Port: 'Badass Grandmas' doth protest too much
We're lucky that the current commissioners have acted with principle, diligence, and restraint, but we shouldn't have to rely on their forbearance in the face of caterwauling from the "grandmas" who want the commission to be their tool in sensationalist gotcha campaigns.
MINOT, N.D. — The ballot measure which created North Dakota's ethics commission was pushed by a front group for national left-wing interests called, ironically enough, North Dakotans for Public Integrity .
The two women who were the face of this campaign, Dina Butcher and Ellen Chaffee , are rank partisans (the latter contributed financial support to the man who took an ax to Sen. John Hoeven's office last year ) less concerned with accountability for government than creating a venue where North Dakota's current Republican majority could be assailed with innuendo and gotcha claims.
Perversely, these two women, who, forgetting how unseemly it is to bestow a nickname upon oneself, now style themselves the "Badass Grandmas," are using words like "transparency" and "accountability" as cover for their political machinations.
They were successful with their ballot measure campaign, funded as it was with big-money contributions from out of state, including from an Enron billionaire , but now they've run into some frustration.
The ethics commission isn't doing their bidding.
The people put in charge of it don't share their hyperpartisan inclinations.
The commissioners have been building out policies and procedures, but the "grandmas" wanted some blood on the ground by now.
Their out-of-state backers aren't getting what they paid for.
So, at a recent public hearing over proposed conflict of interest rules for state regulators, Chaffee and Butcher threw a fit, throwing around some contrived claims that the ethics commission hasn't been sufficiently open and transparent.
What information, specifically, have Chaffee and Butcher been unable to access? The Bismarck Tribune published a lengthy article about their gripes this week and having read it, for the life of me I can't figure it out.

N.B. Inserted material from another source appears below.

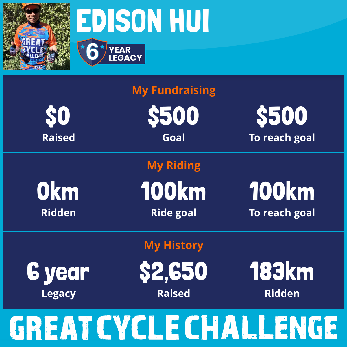 68 km Ridden$950 Raised2020

The commission's meetings are open. All open meeting and records laws are seemingly being followed. Butcher, specifically, told the Tribune that she and her fellow activist cranks are going to file some sort of complaint about the commission, but it's not clear what that complaint would be or who it would be filed with.
One is left with the impression that Butcher and Chaffee are creating a public spectacle as a ham-handed attempt to bully the commission into being more pliable to their agenda.

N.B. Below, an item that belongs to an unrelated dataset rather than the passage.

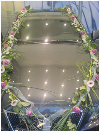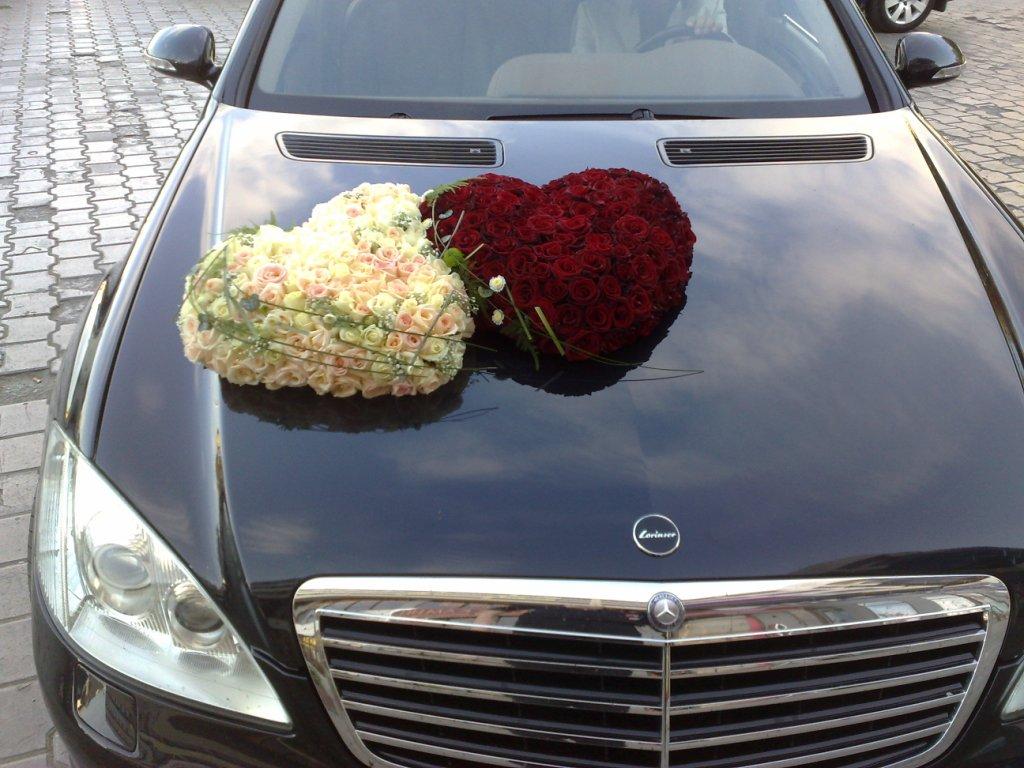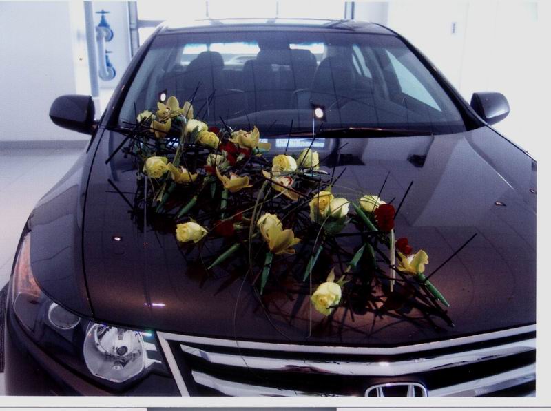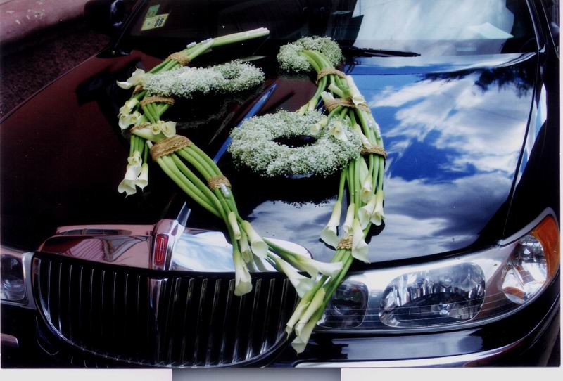 вот есть фото украшения на авто. Да из живых цветов смотриться красиво но дорого.

Which is precisely the danger in creating this sort of commission in the first place.
We're lucky that the current commissioners have acted with principle, diligence, and restraint, but we shouldn't have to rely on their forbearance in the face of caterwauling from the likes of Chaffee and Butcher who want the commission to be their tool in sensationalist gotcha campaigns.
Their motivations are puerile and ugly, all the more so because they're hidden behind what they'd like the public to see as a push for accountable, accessible, transparent government.
North Dakota's government, flawed though it is, was already those things, and if Democrats were winning elections in our state, that's how Chaffee and Butcher would see it too.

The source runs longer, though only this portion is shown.